*** Opening of Input records ***

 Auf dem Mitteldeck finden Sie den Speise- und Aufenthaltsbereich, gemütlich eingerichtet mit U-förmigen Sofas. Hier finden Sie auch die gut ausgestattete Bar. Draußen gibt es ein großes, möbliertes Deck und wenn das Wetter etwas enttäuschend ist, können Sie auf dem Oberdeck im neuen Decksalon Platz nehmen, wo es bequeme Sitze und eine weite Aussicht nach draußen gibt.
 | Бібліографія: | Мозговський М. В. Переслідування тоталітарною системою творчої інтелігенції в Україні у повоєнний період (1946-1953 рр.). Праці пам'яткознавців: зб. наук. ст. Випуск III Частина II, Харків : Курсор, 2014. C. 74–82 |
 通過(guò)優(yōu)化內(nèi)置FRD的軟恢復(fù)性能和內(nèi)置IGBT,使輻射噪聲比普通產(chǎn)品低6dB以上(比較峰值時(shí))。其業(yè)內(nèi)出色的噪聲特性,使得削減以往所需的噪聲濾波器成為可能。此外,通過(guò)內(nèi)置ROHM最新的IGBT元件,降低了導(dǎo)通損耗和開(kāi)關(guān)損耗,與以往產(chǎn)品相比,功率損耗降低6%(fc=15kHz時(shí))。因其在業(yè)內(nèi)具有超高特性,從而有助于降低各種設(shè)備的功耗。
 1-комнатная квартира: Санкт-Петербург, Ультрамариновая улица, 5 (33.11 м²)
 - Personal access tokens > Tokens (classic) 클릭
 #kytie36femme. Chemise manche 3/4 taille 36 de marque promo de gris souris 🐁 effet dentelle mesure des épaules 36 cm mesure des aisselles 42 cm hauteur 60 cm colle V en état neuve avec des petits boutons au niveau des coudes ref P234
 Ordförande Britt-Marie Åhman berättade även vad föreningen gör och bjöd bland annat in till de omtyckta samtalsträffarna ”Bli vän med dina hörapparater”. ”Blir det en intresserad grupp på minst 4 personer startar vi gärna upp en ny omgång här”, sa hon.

*** Close of Input records ***
*** Opening of Input records ***

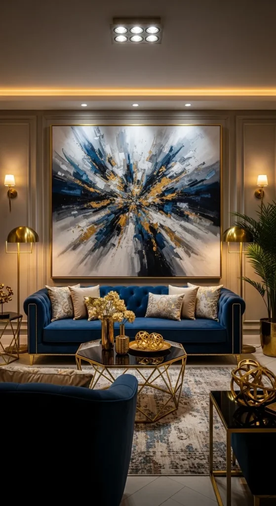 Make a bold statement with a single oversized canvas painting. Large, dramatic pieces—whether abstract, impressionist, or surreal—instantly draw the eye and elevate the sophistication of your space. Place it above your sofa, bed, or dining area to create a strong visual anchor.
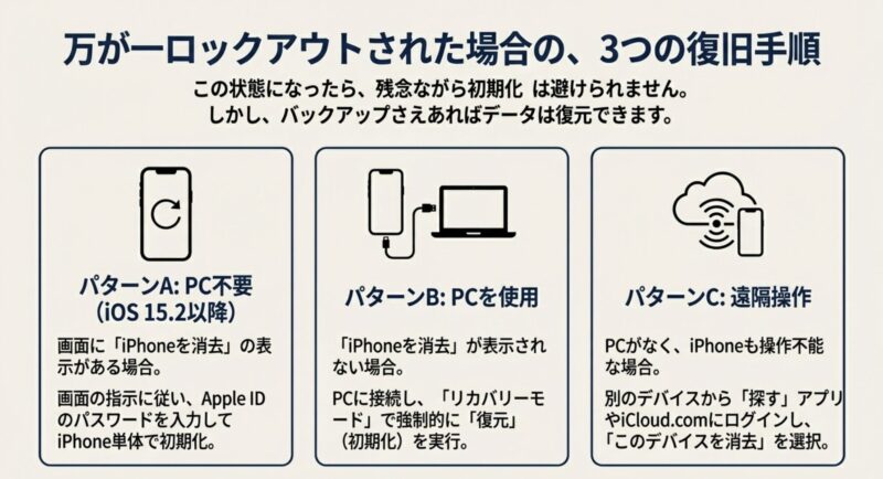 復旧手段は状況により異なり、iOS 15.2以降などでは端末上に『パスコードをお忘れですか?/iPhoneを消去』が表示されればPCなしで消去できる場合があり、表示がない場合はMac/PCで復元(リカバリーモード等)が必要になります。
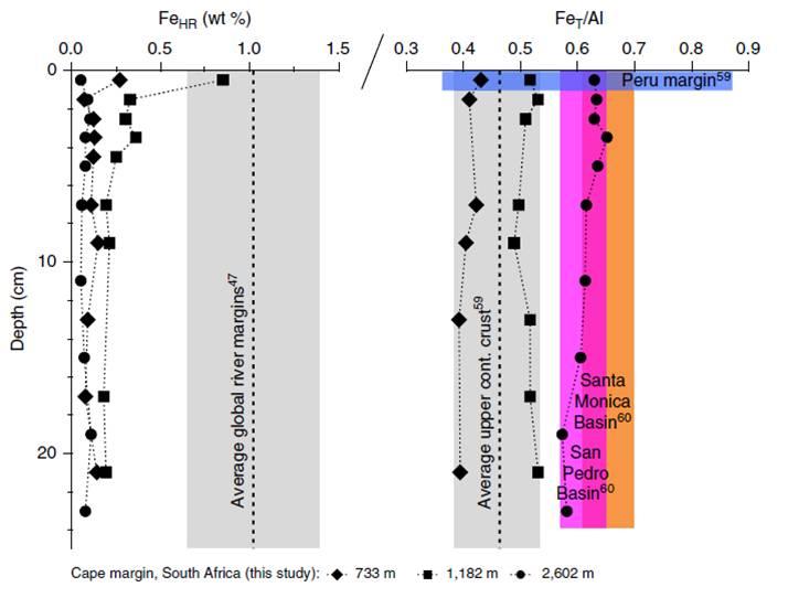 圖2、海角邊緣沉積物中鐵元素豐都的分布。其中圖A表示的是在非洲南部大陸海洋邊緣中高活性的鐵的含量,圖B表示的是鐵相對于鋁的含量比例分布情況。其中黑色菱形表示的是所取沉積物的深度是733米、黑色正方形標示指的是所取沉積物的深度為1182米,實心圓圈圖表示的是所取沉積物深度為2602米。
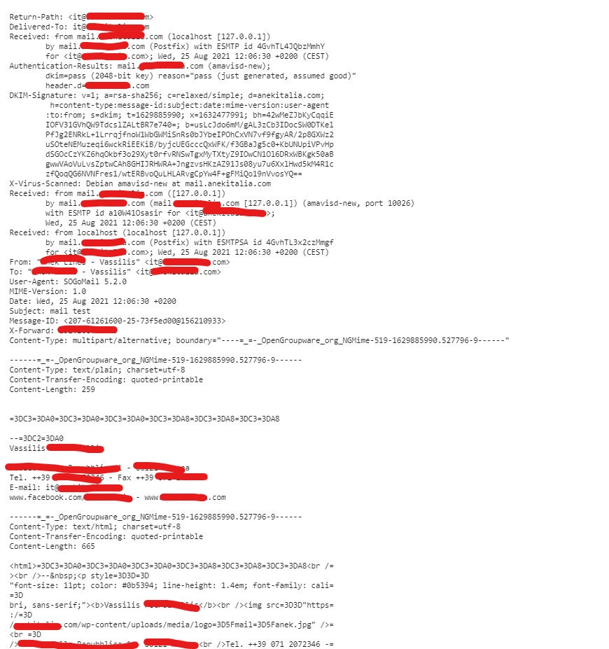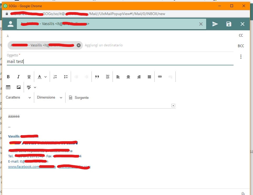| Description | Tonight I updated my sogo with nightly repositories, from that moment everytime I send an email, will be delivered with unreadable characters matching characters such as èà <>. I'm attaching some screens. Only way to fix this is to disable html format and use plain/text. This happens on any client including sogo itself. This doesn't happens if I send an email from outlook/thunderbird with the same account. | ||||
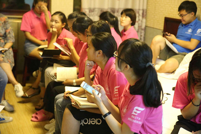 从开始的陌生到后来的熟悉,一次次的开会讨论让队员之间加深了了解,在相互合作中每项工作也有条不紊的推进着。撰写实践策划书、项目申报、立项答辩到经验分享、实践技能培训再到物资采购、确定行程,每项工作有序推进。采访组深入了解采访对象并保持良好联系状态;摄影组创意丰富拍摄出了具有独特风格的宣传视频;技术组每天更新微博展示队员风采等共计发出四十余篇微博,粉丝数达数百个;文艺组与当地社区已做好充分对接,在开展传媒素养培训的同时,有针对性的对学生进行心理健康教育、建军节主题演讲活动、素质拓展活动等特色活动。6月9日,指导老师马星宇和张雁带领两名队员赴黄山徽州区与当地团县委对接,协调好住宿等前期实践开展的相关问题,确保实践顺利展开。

*** Close of Input records ***
*** Opening of Input records ***

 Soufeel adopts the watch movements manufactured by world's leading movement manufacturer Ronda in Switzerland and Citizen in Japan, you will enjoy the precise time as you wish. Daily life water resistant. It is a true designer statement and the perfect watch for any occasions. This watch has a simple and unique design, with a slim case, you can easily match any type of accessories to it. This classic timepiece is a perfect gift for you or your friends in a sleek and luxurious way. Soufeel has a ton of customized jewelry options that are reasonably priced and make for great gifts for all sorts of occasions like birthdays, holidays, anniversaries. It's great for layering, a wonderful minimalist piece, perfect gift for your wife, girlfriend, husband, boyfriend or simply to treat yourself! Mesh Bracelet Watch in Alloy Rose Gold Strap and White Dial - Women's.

*** Close of Input records ***

| What is needed |
Starting at the line above that contains "Auf dem Mitteldeck", write out each line exactly until the line that contains "- Personal access" has been written, and stop there.

| Expected output |
 Auf dem Mitteldeck finden Sie den Speise- und Aufenthaltsbereich, gemütlich eingerichtet mit U-förmigen Sofas. Hier finden Sie auch die gut ausgestattete Bar. Draußen gibt es ein großes, möbliertes Deck und wenn das Wetter etwas enttäuschend ist, können Sie auf dem Oberdeck im neuen Decksalon Platz nehmen, wo es bequeme Sitze und eine weite Aussicht nach draußen gibt.
 | Бібліографія: | Мозговський М. В. Переслідування тоталітарною системою творчої інтелігенції в Україні у повоєнний період (1946-1953 рр.). Праці пам'яткознавців: зб. наук. ст. Випуск III Частина II, Харків : Курсор, 2014. C. 74–82 |
 通過(guò)優(yōu)化內(nèi)置FRD的軟恢復(fù)性能和內(nèi)置IGBT,使輻射噪聲比普通產(chǎn)品低6dB以上(比較峰值時(shí))。其業(yè)內(nèi)出色的噪聲特性,使得削減以往所需的噪聲濾波器成為可能。此外,通過(guò)內(nèi)置ROHM最新的IGBT元件,降低了導(dǎo)通損耗和開(kāi)關(guān)損耗,與以往產(chǎn)品相比,功率損耗降低6%(fc=15kHz時(shí))。因其在業(yè)內(nèi)具有超高特性,從而有助于降低各種設(shè)備的功耗。
 1-комнатная квартира: Санкт-Петербург, Ультрамариновая улица, 5 (33.11 м²)
 - Personal access tokens > Tokens (classic) 클릭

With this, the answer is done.